Give the records again. Keep them exact and leave out the images.

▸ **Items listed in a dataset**
# # # # # # #

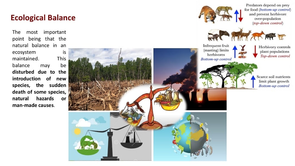 - Ecological balance is a stable balance in the numbers of each species in an ecosystem.
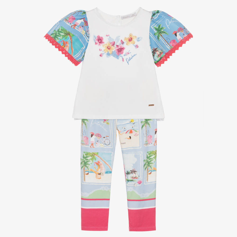 Exclusive to Childrensalon, a pretty white and blue leggings set for girls by Patachou. With a lovely cross stitch flower design on the front, the T-shirt has a white jersey body with split side vents and a rose gold logo tab sewn above the hem. The blue poplin sleeves gently gather on the shoulder for a feminine look. With pretty pink cotton lace trims, the sleeves are patterned in a contrast holiday print which is made to match the stretchy, full-length leggings.
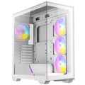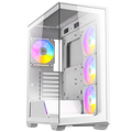 The Antec C3 ARGB White PC case features 270° full-view tempered glass panels, pre-installed ARGB PWM fans, and extensive cooling support for up to eight 120mm fans. It offers versatile configurations with top, side, and rear radiator support, ample cable management, and an I/O panel with USB 3.0 and Type-C ports. Ideal for showcasing and protecting high-performance builds.
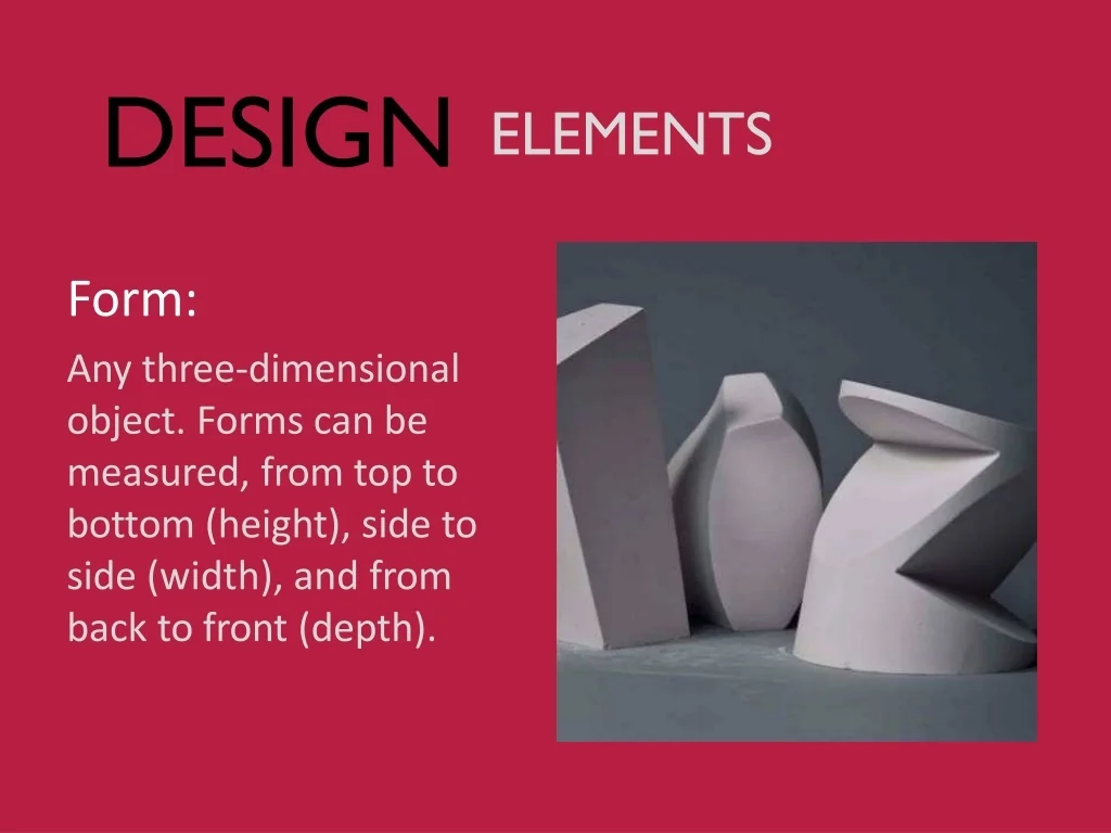 DESIGNELEMENTS Form: Anythree-dimensional object.Formscan be measured,from top to bottom(height), side to side(width), and from back tofront(depth).
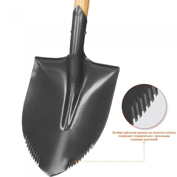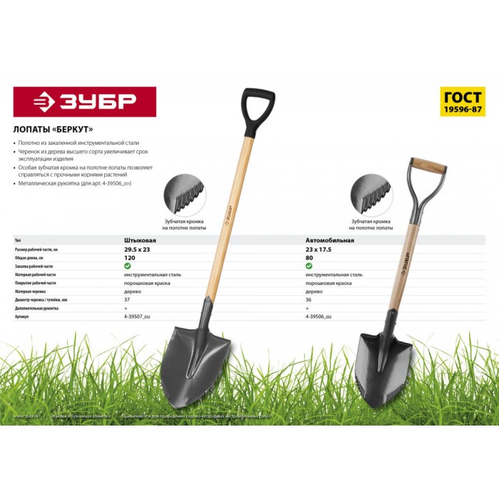 Лопата 228 х 173 х 800 мм полотно 1.6 мм с зубцами закалено дерев.черенок высш. сорт с рукояткой автомобильная Профессионал ЗУБР БЕРКУТ 4-39506
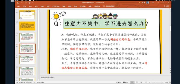班会由新生辅导员老师主持,在班会开始前,学院征集了新生常见的心理困惑,针对这些问题,辅导员、班主任和学姐学长通过一问一答的形式,以独特的思维,带领线上的同学们进行心灵的洗涤与探讨,让大家充分地感受到心理班会的魅力。在班会中,同学们逐渐加深了对彼此的了解,在交流中互相观察、学习、体验。许多同学从最初的羞涩和无助到最后彼此间真诚地交流,缓解了线上入学的不适应,进一步认识自我、探讨自我、接纳自我,调整和改善了与他人的关系。班会最后,新生辅导员老师鼓励同学们适应大学生活,做好疫情防控,保持乐观心态,通过与自我对话缓解新入学的压力。老师的建议赢得了同学们的一致认可。
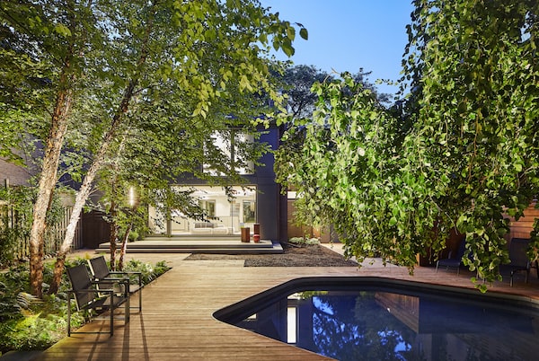The two women are gazing across the dark, still water at the massive weeping beech in Ms. Life’s backyard. On this hot, steamy night, the tree’s long branches look as though they’d like to stretch a little further and take a dip. “I didn’t want to leave my tree or my pool, so let’s see what we can do,” Ms. Life remembers thinking. So, in 2016, they got to work.

# # # # # # #

▸ **Exercise solution**
 - Ecological balance is a stable balance in the numbers of each species in an ecosystem.
 Exclusive to Childrensalon, a pretty white and blue leggings set for girls by Patachou. With a lovely cross stitch flower design on the front, the T-shirt has a white jersey body with split side vents and a rose gold logo tab sewn above the hem. The blue poplin sleeves gently gather on the shoulder for a feminine look. With pretty pink cotton lace trims, the sleeves are patterned in a contrast holiday print which is made to match the stretchy, full-length leggings.
 The Antec C3 ARGB White PC case features 270° full-view tempered glass panels, pre-installed ARGB PWM fans, and extensive cooling support for up to eight 120mm fans. It offers versatile configurations with top, side, and rear radiator support, ample cable management, and an I/O panel with USB 3.0 and Type-C ports. Ideal for showcasing and protecting high-performance builds.
 DESIGNELEMENTS Form: Anythree-dimensional object.Formscan be measured,from top to bottom(height), side to side(width), and from back tofront(depth).
 Лопата 228 х 173 х 800 мм полотно 1.6 мм с зубцами закалено дерев.черенок высш. сорт с рукояткой автомобильная Профессионал ЗУБР БЕРКУТ 4-39506
班会由新生辅导员老师主持,在班会开始前,学院征集了新生常见的心理困惑,针对这些问题,辅导员、班主任和学姐学长通过一问一答的形式,以独特的思维,带领线上的同学们进行心灵的洗涤与探讨,让大家充分地感受到心理班会的魅力。在班会中,同学们逐渐加深了对彼此的了解,在交流中互相观察、学习、体验。许多同学从最初的羞涩和无助到最后彼此间真诚地交流,缓解了线上入学的不适应,进一步认识自我、探讨自我、接纳自我,调整和改善了与他人的关系。班会最后,新生辅导员老师鼓励同学们适应大学生活,做好疫情防控,保持乐观心态,通过与自我对话缓解新入学的压力。老师的建议赢得了同学们的一致认可。
The two women are gazing across the dark, still water at the massive weeping beech in Ms. Life’s backyard. On this hot, steamy night, the tree’s long branches look as though they’d like to stretch a little further and take a dip. “I didn’t want to leave my tree or my pool, so let’s see what we can do,” Ms. Life remembers thinking. So, in 2016, they got to work.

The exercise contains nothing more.